Microsoftは古くからモバイルデバイス向けのOSを手がけてきたが、コンシューマー向けスマートフォンの分野では、AppleのiPhoneやGoogleのAndroidスマートフォンに対し苦戦を強いられてきた。Windows Phone 7の投入により、海外ではMicrosoftに対する評価も上がっているといい、「これまで日本マイクロソフトが培ってきた、技術、ソフトウェア資産、パートナーとの関係、開発者向けのサポートなど、たくさんの資産をテコに、モバイルの世界でも勢力を拡大していきたい」と樋口氏。日本独自の機能を盛り込む、パートナーと共同で販促を行う、開発者のサポートをするといった、これまでPC向けのWindowsでやってきたことと同じように、日本でもWindows Phone 7の事業を進めていく。
すでに海外では、Windows Phone 7スマートフォンが11機種登場しており、35カ国の60事業者で展開されており、リリースから約7カ月で2万タイトルを超えるアプリが配信されているという。Windows Phone 7.5では、対応言語が5言語から21言語に増え、Windows Phone Marketplaceが利用できる国も18カ国から35カ国に拡大する。
Windows Phone 7.5の特徴は、樋口氏の説明が明快で分かりやすい。「従来のスマートフォンは画面にアプリケーションのアイコンが並び、自分が使うアプリケーションを意識しながら使うが、Windows Phoneはタイル状の大きなボタンで表現した『ライブタイル』が特徴。ボタンの奥にあるアプリケーションの状況もタイルの表面に表示される。アプリをキックして何かをする、という考え方ではなく、ユーザーがどういう目的で使うか、何をしたいかで操作するインタフェースが特徴」。そして、このタイルをカスタマイズして、ブラウザのお気に入りや特定のアプリのデータ、音楽、連絡先、メモなどを自分の優先受遺意に従って設計でき、自分の使いやすいようにカスタマイズしていくと「どんどん気持ちよくなっていく」。
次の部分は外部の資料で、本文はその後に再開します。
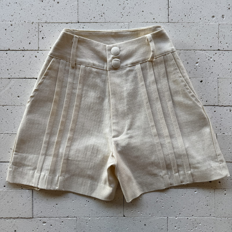 CONJUNTO LINHO REGATA ALÇA LARGA E SHORT PREGAS OFF – Elegância neutra com modelagem impecável
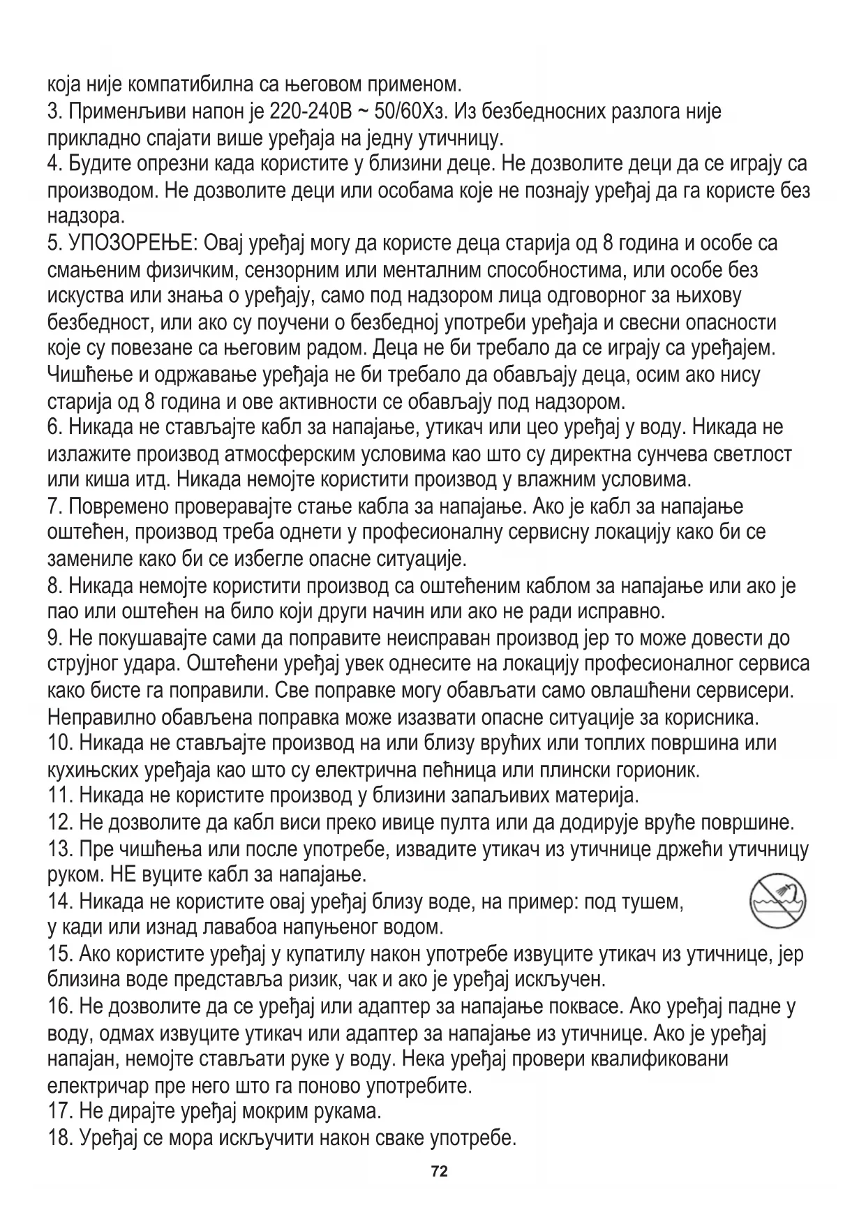 14. Никада не користите овај уређај близу воде, на пример: под тушем,

スマートフォン市場で劣勢と伝えられるMicrosoft。しかし樋口氏は強気だ。「まだまだスマートフォンはこれからの世界。黎明期なので、いかようにでもこれから挽回できるし、まだまだ機能面でも進化する。Microsoftはハードウェアは作っておらず、ソフトウェアに特化した企業だ。ハードもソフトも1社で作る方が立ち上げは速いが、いろいろなメーカーと連携することでバリエーションや広がりができる。立ち上げには時間がかかったが、これはユーザーにもメリットの出る仕上がりになるまで時間をかけたため。機能面でもできはいいので、巻き返しという点では期待している。一度使うと満足度は高い」と自信を見せた。
IS12Tはスマートフォンの可能性をさらに広げる――富士通東芝 大谷氏
富士通東芝モバイルコミュニケーションズの大谷社長は、IS12Tが「富士通と東芝の技術陣が一緒になって作った初めての商品。富士通グループにとってスマートフォンはユビキタスフロントの重要な商品という位置づけで、スマートフォンが持つ可能性をさらに広げる商品だ」と話す。
親会社の富士通は、ケータイやスマートフォンの開発にヒューマンセントリック(人間中心)というコンセプトを掲げ、ブロードバンドリーダー、デザイントレンドリーダー、ケータイテクノロジーリーダーという3つの柱を軸にして“世界一使いやすい”ユビキタス端末を目指して商品を開発している。富士通東芝でも同様のコンセプトに基づき、IS12Tでは、LTE時代に向けて、ブロードバンドサービス対応を徹底追求したほか、お客様に選ばれ続ける新たな魅力を創出するためのデザイン、そして使いやすさや安心・安全を中心とした基本機能の強化などに尽力したという。
「実際に触ると実感できるが、扱いやすいサイズと重さを実現した。ボディカラーは欧州の文具をイメージしており、従来のスマートフォンと比べても新しさがアピールできる新鮮な色だと思う。ディテールも金属部品をあまり使わずカジュアルなデザインとした。1320万画素カメラとMilbeaut Mobileエンジン、32Gバイトの内蔵メモリなど基本スペックも高い。さらにスーパーはっきりボイス3という、高音域を拡張して相手の声を聞きやすくする技術などを取り入れて使い勝手を向上させている」(大谷氏)
大谷氏は「これからもお客さまの要望に応えられるスマートフォンを提供していく」と力強く話した。